Twitter Kit provides a powerful mechanism for managing user sessions.
Session management is handled via the TWTRSessionStore
object.
The session store can be retrieved from the Twitter shared instance.
// Objective-C
TWTRSessionStore *store = [[Twitter sharedInstance] sessionStore];
// Swift
let store = TWTRTwitter.sharedInstance().sessionStore
Once you have the session store you can retrieve the last saved session, all existing sessions or a specific session.
// Objective-C
TWTRSessionStore *store = [[Twitter sharedInstance] sessionStore];
TWTRSession *lastSession = store.session;
NSArray *sessions = [store existingUserSessions];
TWTRSession *specificSession = [store sessionForUserID:@"123"];
// Swift
let store = TWTRTwitter.sharedInstance().sessionStore
let lastSession = store.session()
let sessions = store.existingUserSessions()
let specificSession = store.sessionForUserID("123")

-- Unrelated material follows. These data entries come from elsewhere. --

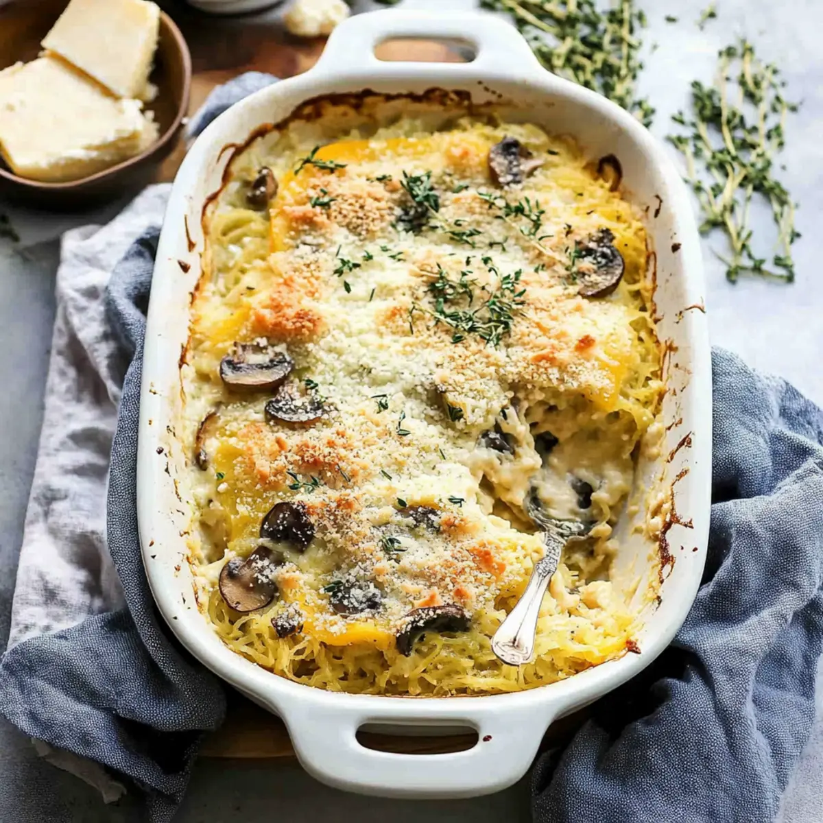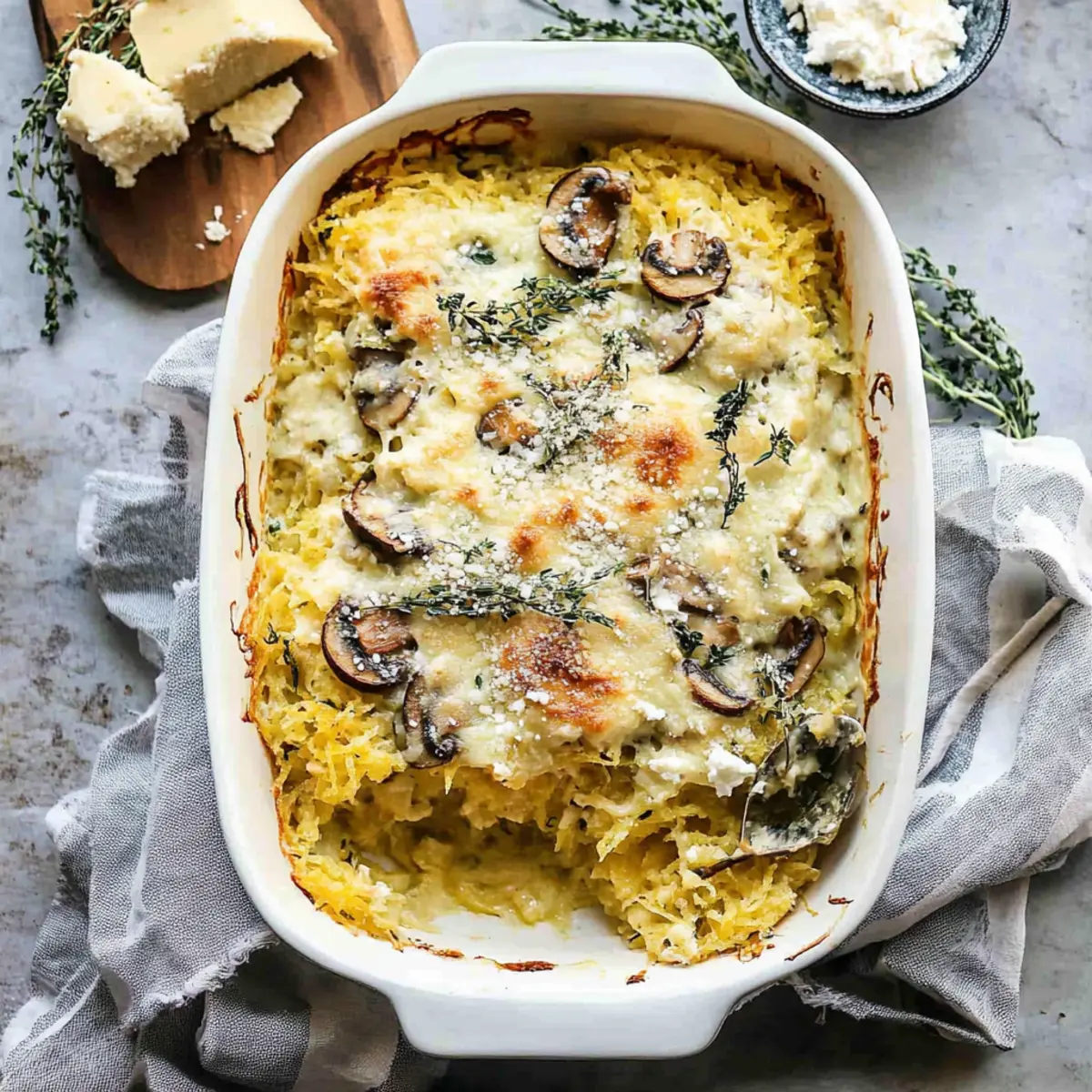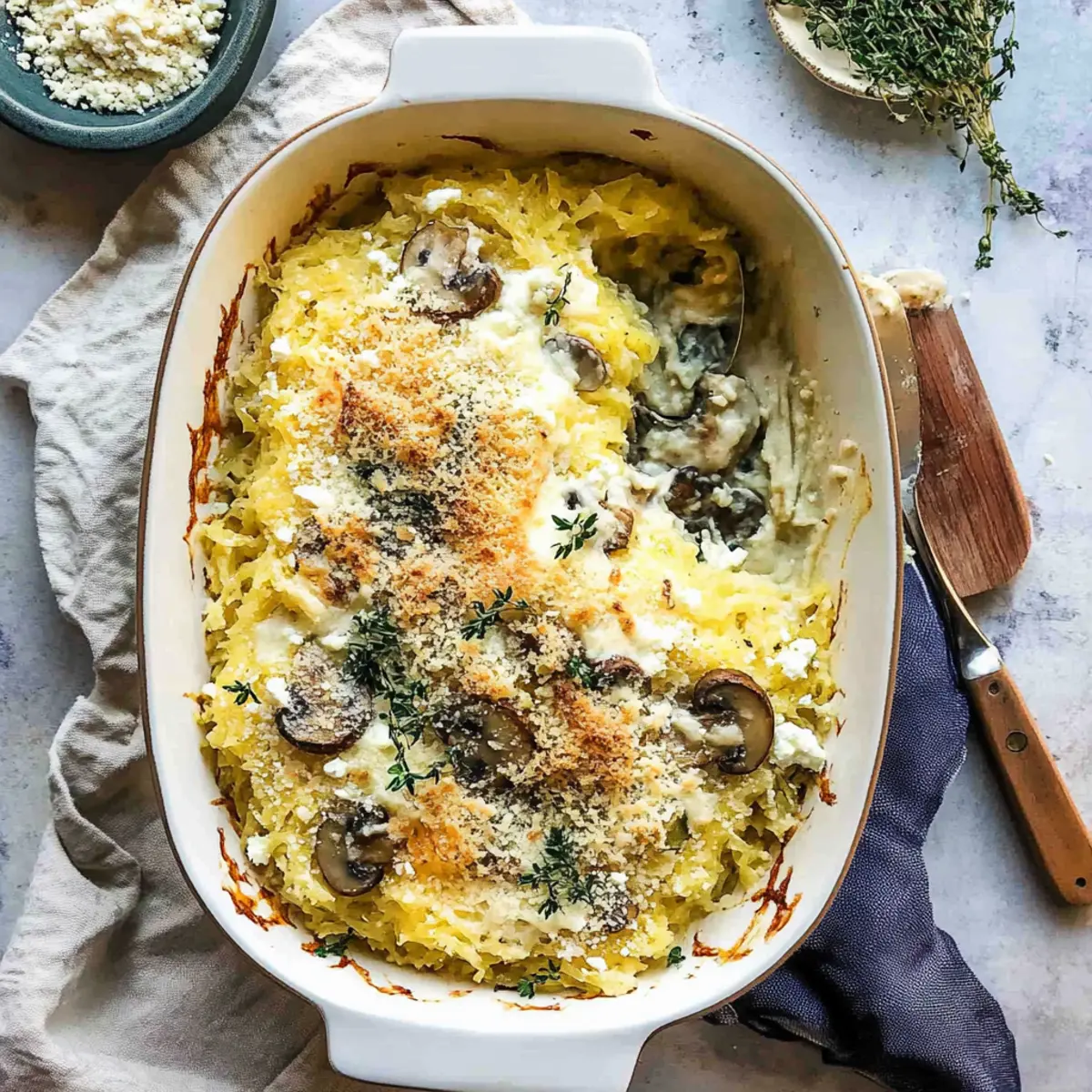 Comforting Spaghetti Squash Casserole with Mushrooms & Goat Cheese
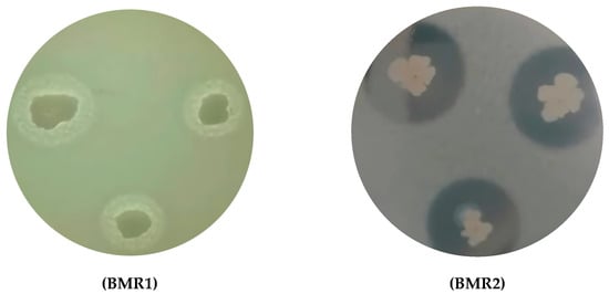 The colonies in SMA medium plates of the BMR1 and BMR2 isolates exhibited irregular mucous colony borders and large proteolytic translucent halos, as shown in Figure 3.
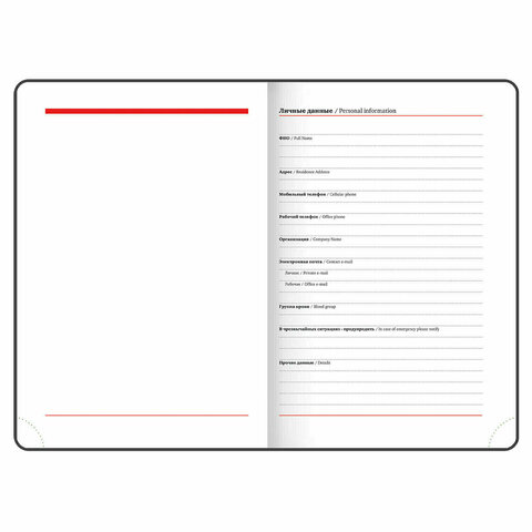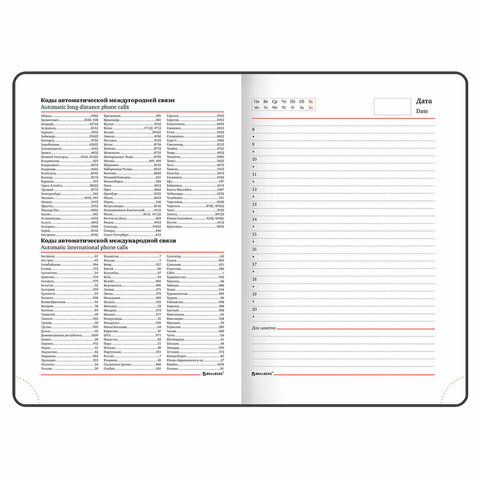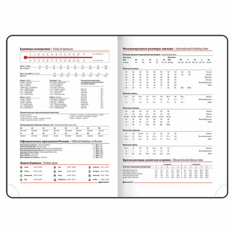 Срез ежедневника прокрашен, что придает ему особый шарм. Дополнением является закладка-ляссе, с помощью которой можно быстро открыть ежедневник на нужной странице. Помимо прочего ежедневник снабжен справочным материалом. В конце ежедневника есть 3 страницы для записей и заметок.
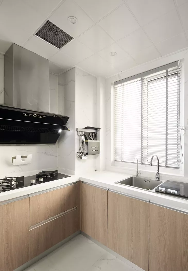 ▲ U型厨房,采用木色作为橱柜色,简约富有质感,大理石墙面与同材质的地面呼应,显得空间透亮。
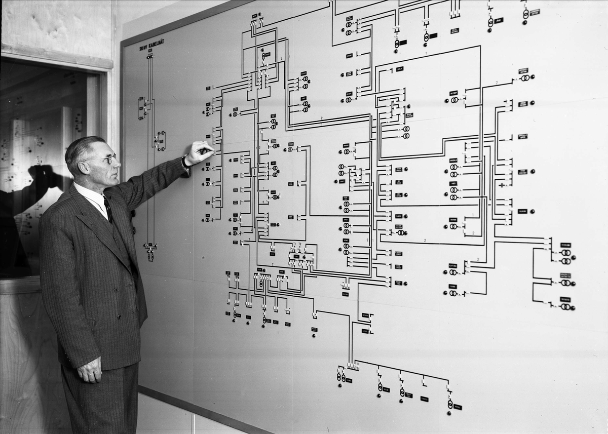 "Nya administrationsbyggnaden för gas- och elverken", ingenjör O Mannberg vid signaltavlan, Uppsala 1942
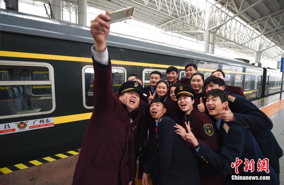 3月1日,由南昌客运段担当值乘的广州东终到南昌的K442次列车乘务员,在完成春运任务后在站台上自拍留念。鲍赣生 摄
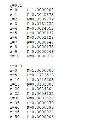 运行得到一些结果,我们可以看到概率随 z 呈指数下降。”
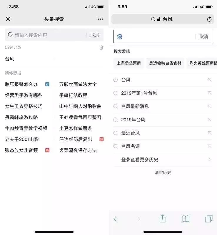 点击搜索框后,头条搜索会出现历史记录和猜你想搜,百度搜索则是搜索发现和历史记录。

When you call any of the log in methods on the Twitter instance the session will automatically be stored in the session store for you. This means that applications can manage multiple sessions at the same by calling any of the log in methods and having the user log in with a different account. The session will be returned from the login methods allowing developers to know which user has logged in.
// Objective-C
[[Twitter sharedInstance] logInWithCompletion:^(TWTRSession *session, NSError *error) {
if (session) {
NSLog(@"logged in user with id %@", session.userID);
} else {
// log error
}
}];
//Swift
TWTRTwitter.sharedInstance().logIn {(session, error) in
if let s = session {
print("logged in user with id \(session.userID)")
} else {
// log error
}
}
Since the session store can manage multiple user sessions developers will need to specify which session they would like to log out. Most developers will only need to worry about the single session unless they are managing multiple users.
// Objective-C
TWTRSessionStore *store = [[Twitter sharedInstance] sessionStore];
NSString *userID = store.session.userID;
[store logOutUserID:userID];
// Swift
let store = TWTRTwitter.sharedInstance().sessionStore
if let userID = store.session()?.userID {
store.logOutUserID(userID)
}
Many apps already have Twitter integration, including existing
authentication tokens. In this case, you can use the
-[TWTRSessionStore saveSessionWithAuthToken:authTokenSecret:completion:]
method to use the tokens you already have with the Twitter Kit SDK. This
may become particularly useful when using the
showActionButtons
property on
TWTRTweetView
so that users will not have to go through
the login flow again when attempting to favorite Tweets.